じつは、3年前の5月はじめ、このシャクガ幼虫を見たどころか、撮影もしていたのだ。

        幼虫の写真は2011年5月3日に撮影したもの↓

フチグロトゲエダシャク幼虫IMG_0954.JPG我が家から200メートルも離れていない場所で、しかも、この幼虫は11頭も見つかっている。

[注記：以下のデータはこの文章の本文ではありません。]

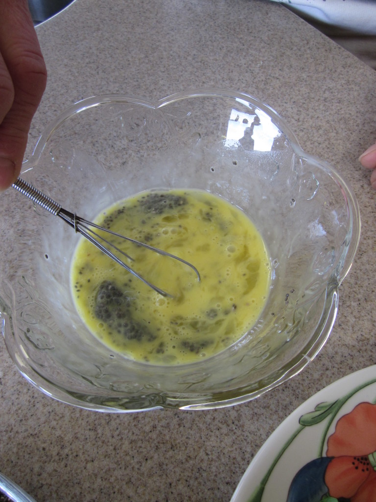 Previous Image Next Image Whisk the chia seeds into egg and soak for 15 minutes Whisk the chia seeds into egg and soak for 15 minutes
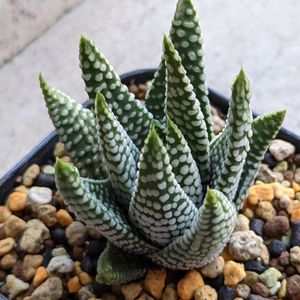 2点目 ハオルチア『シジマ』 大和言葉 夜のしじま 静寂という意味の シジマ 私は、どうやら この類いの葉に白い点々やら、しま縞模様のやつにひかれるみたい💕😊
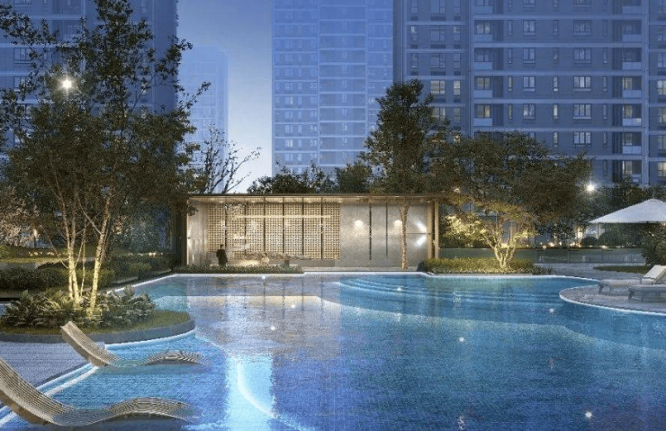 【凤栖星澜】采用围合式布局,以自然·艺术·健康为主题,打造三大核心景观!景观轴线上还配备约480㎡的星光泳池,泳池旁有休闲躺椅区,方便业主会客休息。
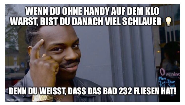 War heute ohne Handy auf der Toilette. Wir haben 232 Fliesen.
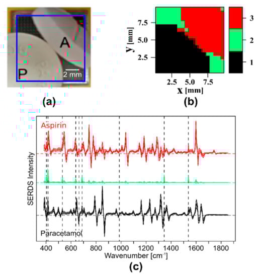 SERDS imaging using nod and shuffle of a paracetamol (P) and an aspirin (A) pill with an acquisition of 200 times 200 ms. (a) Picture of the sample on the probe head, the blue square corresponds to the field of view; (b) cluster map of the SERDS image; (c) clustered mean SERDS spectra and their standard deviation, cluster 1 = paracetamol (black), cluster 2 = no sample/residual room light (green), cluster 3 = aspirin (red); the dotted, vertical black lines indicate the position of the room light bands.
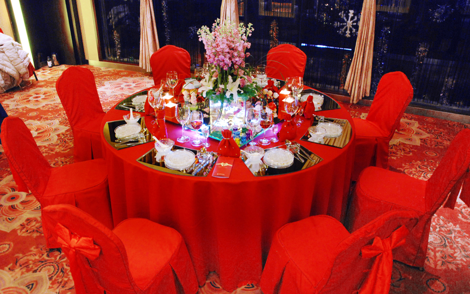 新區(qū)店餐臺整體以中國紅為主要元素,獨特的水晶鏡面餐臺中央擺放著插滿紫羅蘭與百合的花束,暗香浮動,在熒熒燭火的點綴下,流光溢彩,浪漫溫馨。
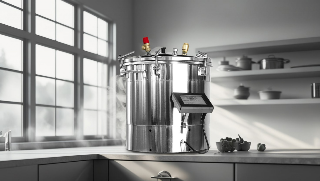 Объём 22 литра позволяет загружать до 18 банок по 0,5 л или 6 банок по 1 л за один цикл. Удобно работать как со стандартными стеклянными банками, так и с жестяными консервными банками и реторт-пакетами. Это даёт возможность делать универсальные заготовки: от мясных тушёнок до соков, овощных салатов и компотов.
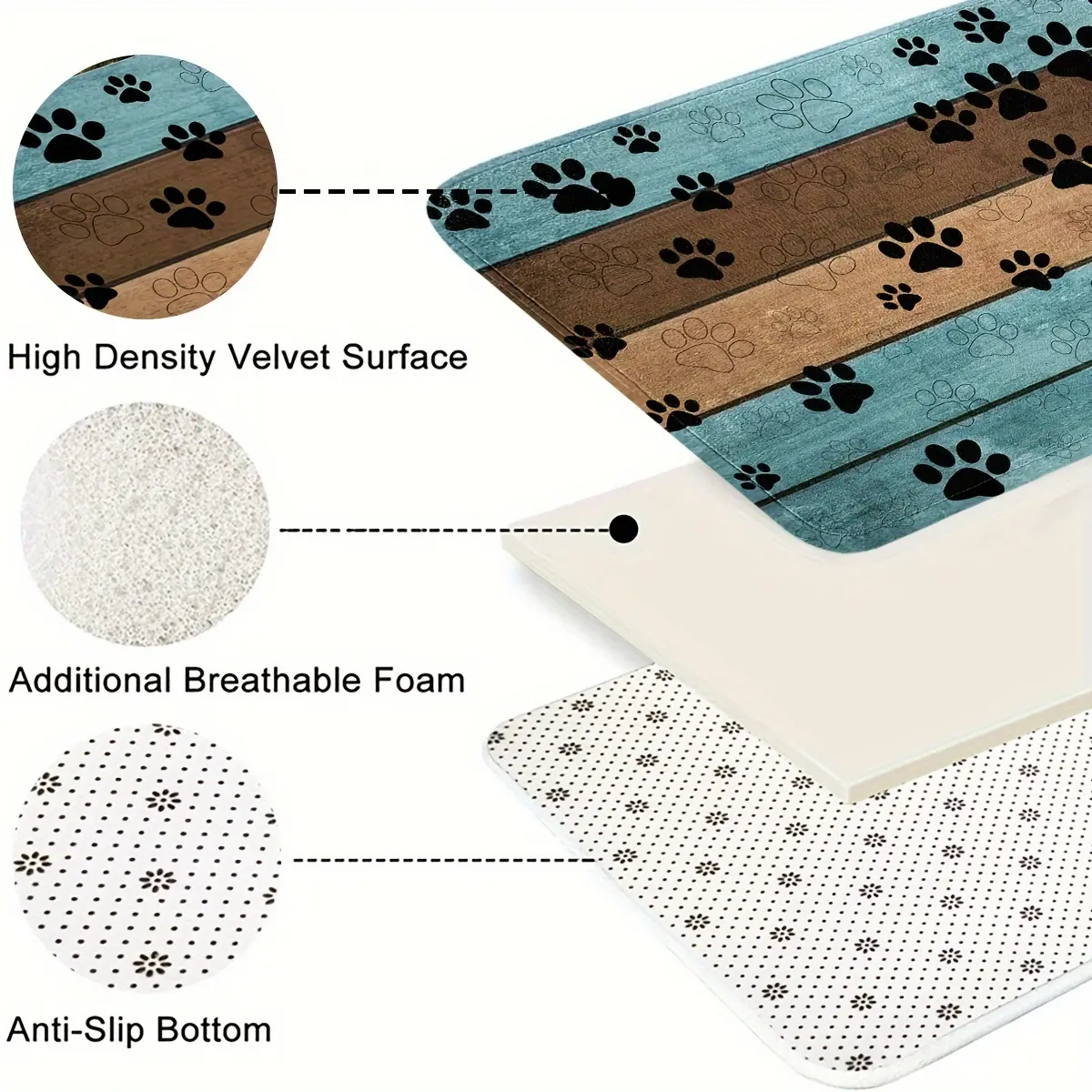 A Set of Three Cartoon Wooden Board Patterned Dog Paw Print Bathroom Toilet Additions, Including a Rectangular Mat, a U-Shaped Foot Pad, And an Oval Toilet Lid Cover. This Combination Set Features Soft And Comfortable Flannel Fabric with Super Absor
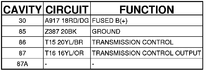 Transmission Control System Relay, A/T
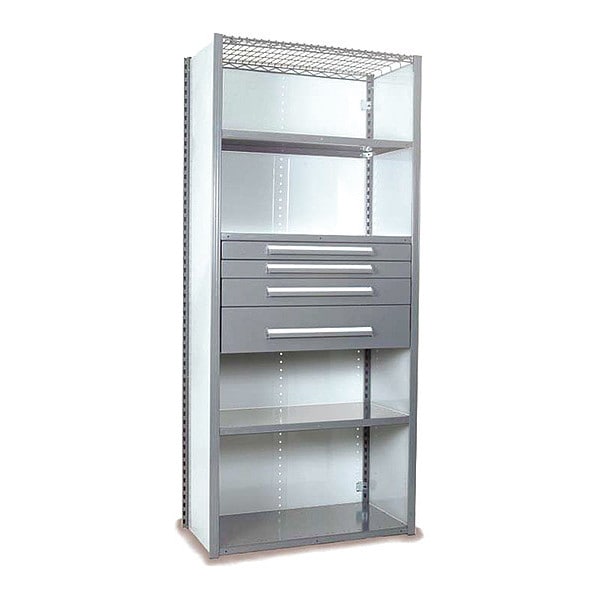 V-Grip Shelving W/ 4Drwrs/5Shlvs 7x1.5x4, Strtr, (2)3", 4.5", 7.5"Drwrs, LG
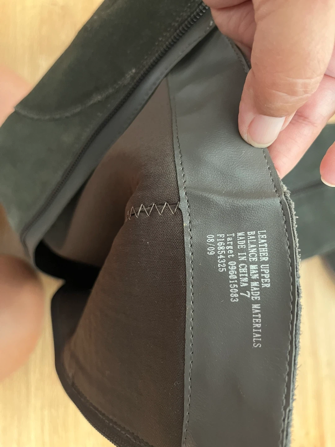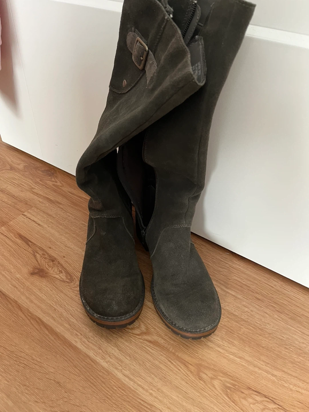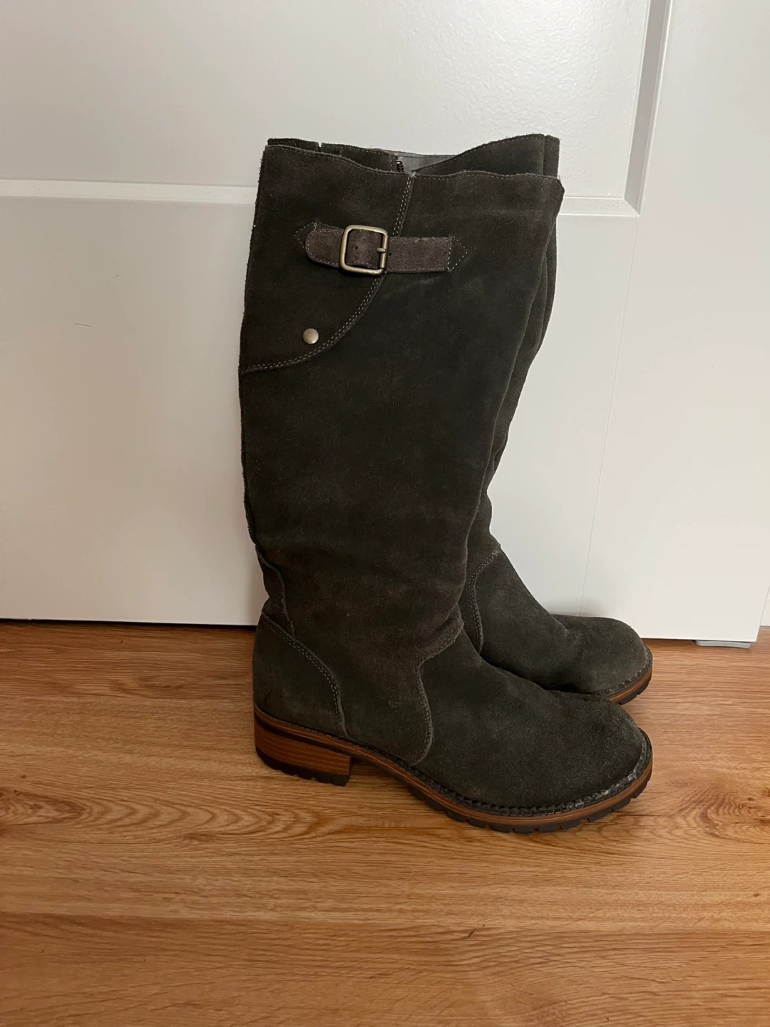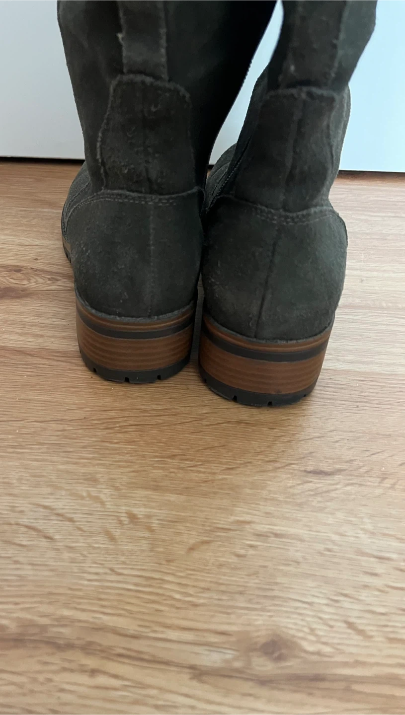 Selling a pair of olive green suede boots, size 7. They are in good condition and have a stylish buckle detail. Pick up in St Adolphe
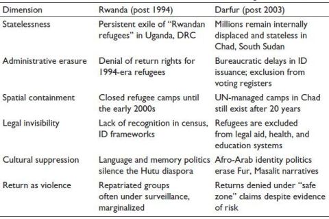 This study essentially engages the post-genocide geography of Rwanda and Sudan in order to describe how displacement turns into a site of erasure instead of refuge. In each instance, the wake of mass atrocities was not marked by reparation or reintegration, but by the entrenchment of political regimes that persisted in marginalizing, monitoring, and silencing survivor populations. Whether through the Great Lakes’ exile of Hutu communities or Darfuri refugees’ decades-long confinement in Chad, genocide’s borderlands have been maintained as spaces of chronic violence. Borrowing from literature that challenges state-led and episodic definitions of genocide (Manby, 2011; Patterson, 1982), this note calls for a reconceptualization of forced migration as a part of the genocidal continuum, a type of harm that persists in law, space, and identity.
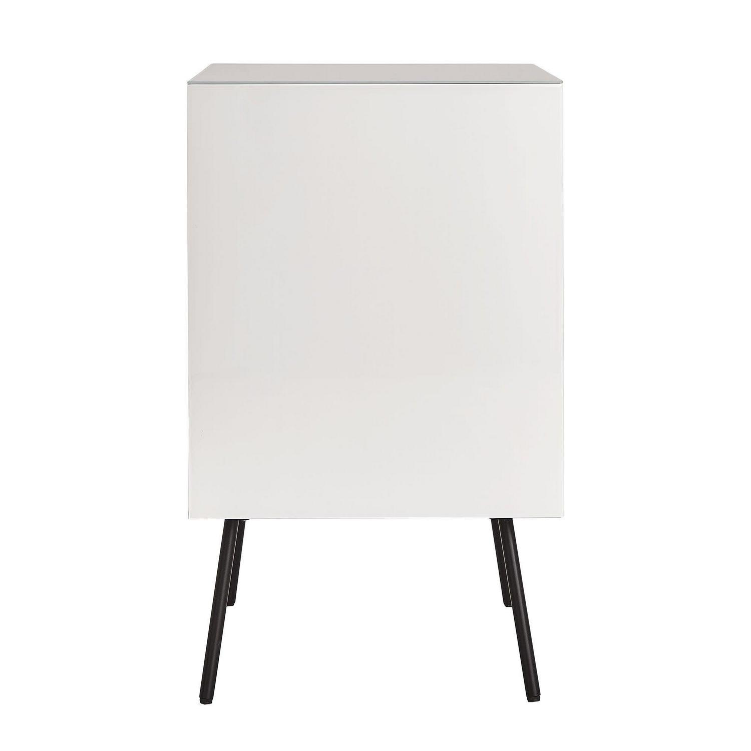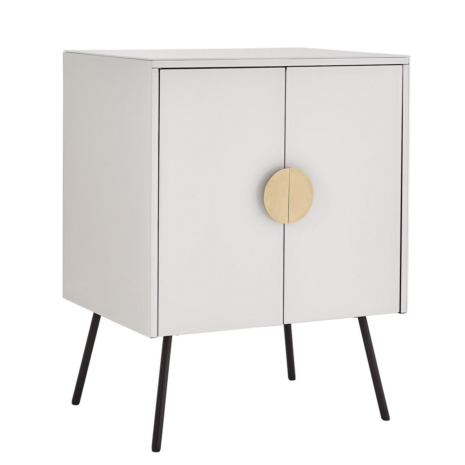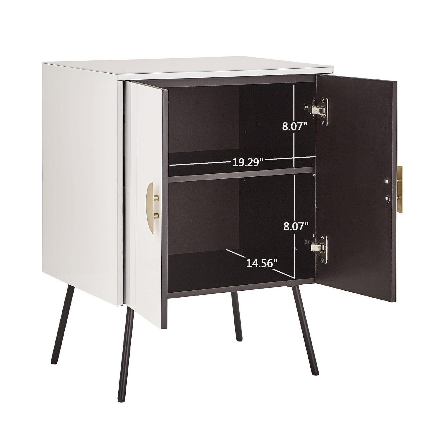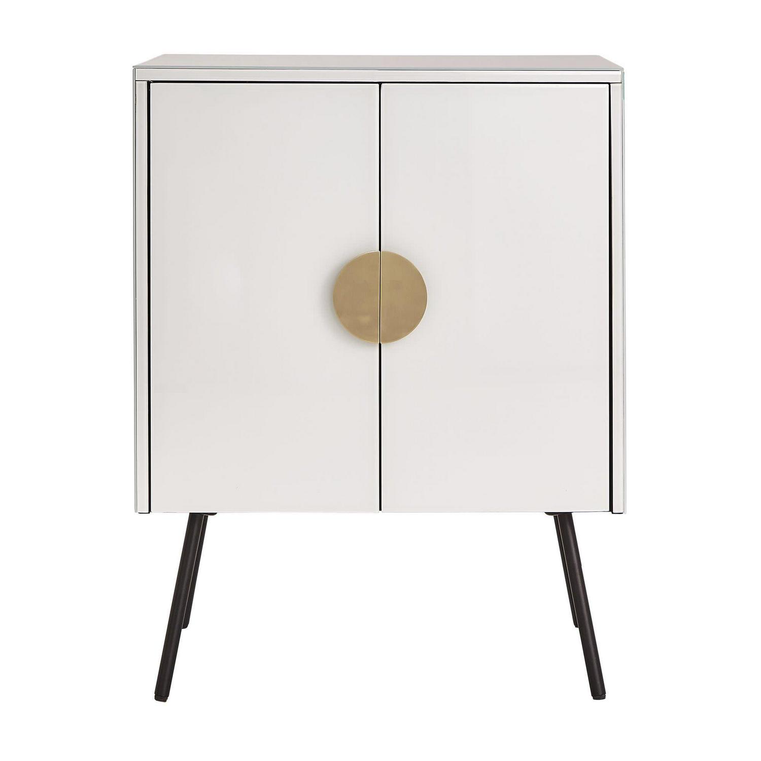 A modern glam aesthetic is easily created for any living space with this Glass 2 Door Accent Cabinet. The two white glass cabinet doors discreetly tuck your small essentials away within the interior, providing you plenty of storage space with two shelves. The metallic gold cabinet handles add a luxurious element to this basic, everyday piece, making it both beautiful and functional. Combining contemporary elements with daring hues, shimmering metallic finishes and an modern air, this style is for the free-spirited trend setter.
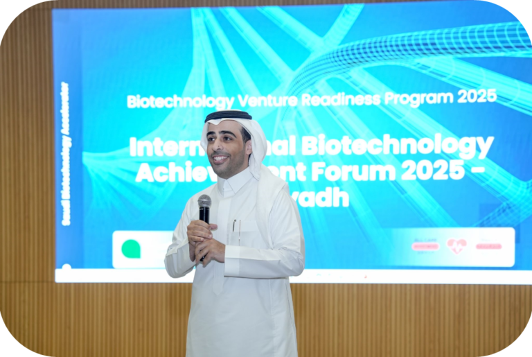 Our mission is to support high-potential biotechnology, life sciences, and healthtech innovators by providing structured programs, expert guidance, ecosystem access, and practical pathways that enable successful development, validation, and scaling – while contributing to Saudi Arabia’s ambition to become a global biotechnology and innovation hub.
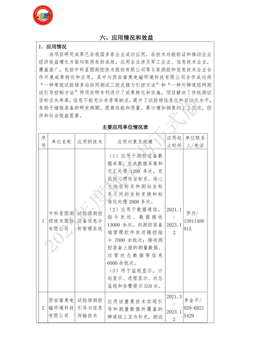 单位贡献:西京学院项目团队聚焦试验场测控引导与信息化关键技术研发、成果转化及应用推广。作为本项目第一完成单位,全面负责项目的总体规划、项目组织和实施,为本项目的顺利开展提供了大力支持和充分保障。对本项目科技创新和应用推广情况的贡献主要体现在:负责试验场测控引导与信息化关键技术研发;制定总体研究思路及技术路线;研发常规试验靶场多站协同测试接力引控方法提出外弹道组网测试引导控制方法;提出基于高阶统计特征的多波段雷达检测方法,设计高速电力线载波通信系统,建立电波传播路径衰落模型、电波折射误差修正方法和电波极化模型;与合作单位共同实施成果转化工作。
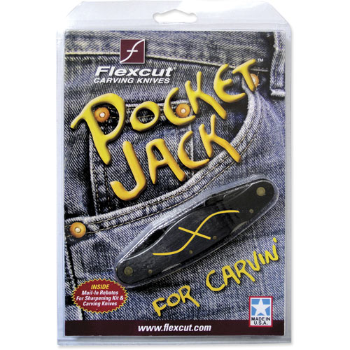 A complete carving kit in your pocket. An excellent companion for carving on the move. Just over 85g. Includes a Detail Knife, Straight Gouge, Scorp and V- Scorp. A new addition to the Flexcut range, the Pocket Jack really is an excellent companion for carving on the move. The Pocket Jack includes 4 of the most frequently used blades from its bigger brother the Carvin Jack. Light in weight and very compact, it includes a Detail Knife, Straight Gouge, Scorp and V- Scorp. It would make a great gift too.
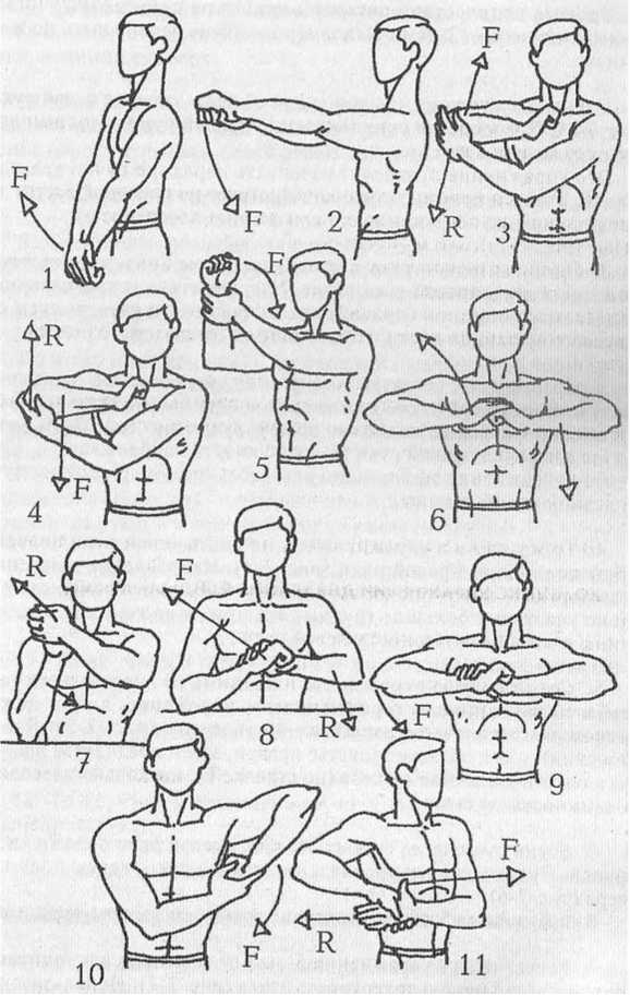 При выполнении упражнений 8 и 9 руки, согнутые в локтях, находятся перед грудью. Чтобы удержать руки в этом положении во время вращения кистью одной из рук, сильно напряги мышцы плечевого пояса это создаст дополнительный тренировочный эффект. Вращательные движения кисти и предплечья весьма благоприятно сказываются и на состоянии лучезапястного и локтевого суставов.
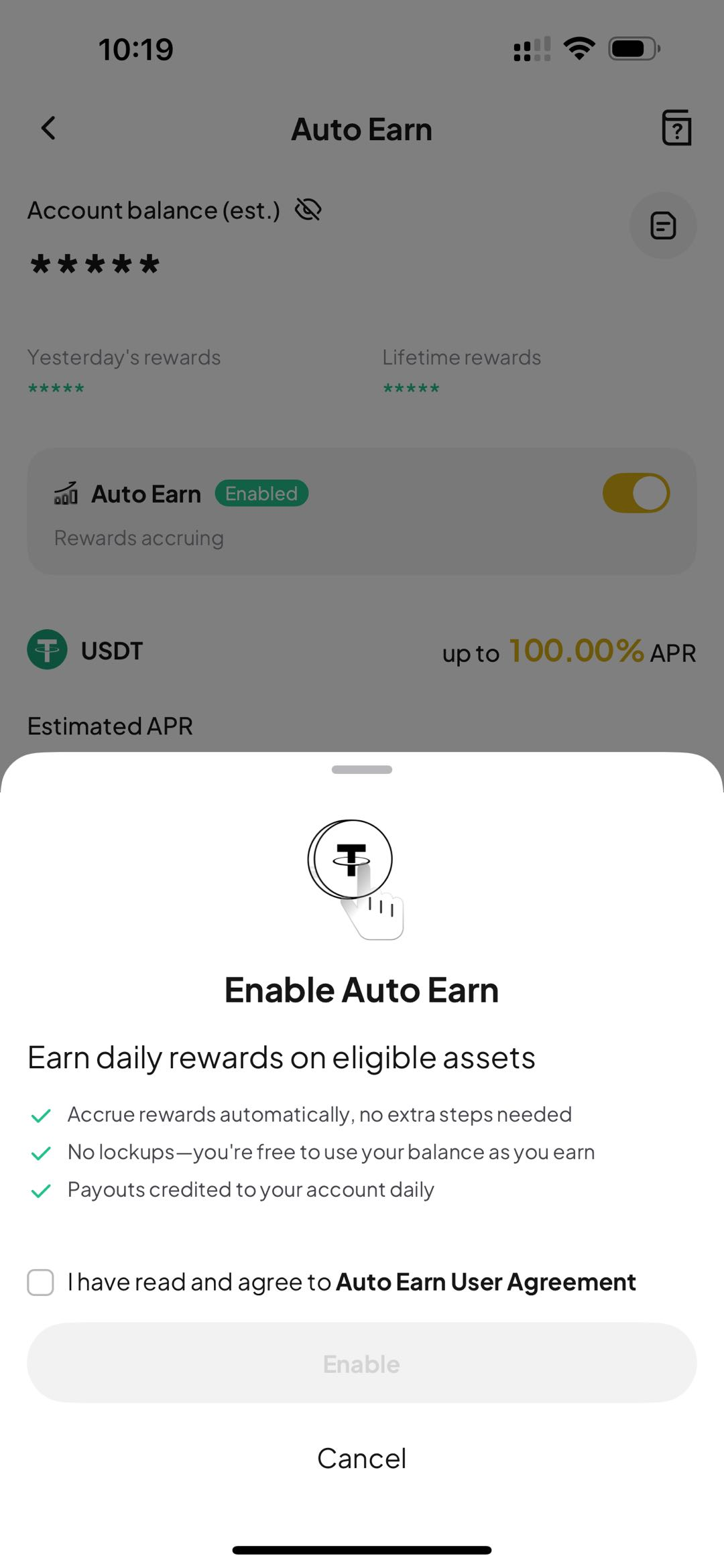 3.计息额度上限为 10,000 USDT;超出 10,000 USDT 的部分将不计息,系统仅对上限内的余额计算收益。

これだけ特徴のあるイモムシなのに、なぜ記憶からスッポリ抜け落ちていたのか?

撮影当時、なぜイモムシの正体をすぐに調べなかったのか?

         まずは写真を見ていただこう↓

コンボウアメバチIMG_0949.JPG イモムシはみな、繭に化けたのである。

 ヒメバチ科のチビアメバチ類の繭が、萎びたイモムシの死骸と並んでいた。

イモムシの体型を保っている個体は2頭しか残っていなかった。萎びてはいても、

同種のイモムシと判った。萎びていく途中の段階なども観察できたからだ。

そこで私は、そのチビアメバチのことが気になって、繭を紡ぐシーンを撮影する

チャンスを窺っていた。   当時、このイモムシの正体を知っていたなら、

寄生されていない個体をなんとしてでも探し回ったであろうと思う。

 しかし、私はイモムシの種名はあとで調べればいいや、と軽く考え、チビアメバチの

繭作りの撮影に没頭してしまった。実際、見つかったイモムシは全部、寄生されており、

クシャクシャになった。

写真上のフチグロトゲエダシャク幼虫からも、このあとチビアメバチ幼虫が

体を突き破って現れ、繭を紡いだ。

その様子は最初から完璧に撮影できて、私は大満足したついでに、

油断もしてしまった。

寄生を受けていたイモムシは全部で11頭。おそらく寄生された影響なのだろう、

どのイモムシも草地の高い場所へと上り詰め、よく目立っていた。

体内から寄生バチの大きな蛆が体表を食い破って外に出るまで、

イモムシは何事もないかのように振舞っており、外見からは異常な事態には気付かない。

高台に上り詰める、という行動以外には。

 先日、ジガバチからこのイモムシについて教わることがなかったなら、

3年前の写真データをチェックする機会はずっと先になっていたと思う。

チビアメバチの脱出、繭作り、という場面の撮影・観察において、

宿主となったイモムシの正体をおざなりにしたことは、とても悔やまれる。

 ともあれ、近所の狭い範囲に幼虫が発生していたという事実がわかり、

なおかつ、今年もまたその近辺で発生していたことも、ほぼ間違いないと思う。

 では、それならなぜ、これまでフチグロトゲエダシャク成虫に出会えていないのか?

 この疑問への答えも知りたいが、今はまだ間に合うかもしれない、幼虫探しを

時間が許す限りやってみたい、と思う。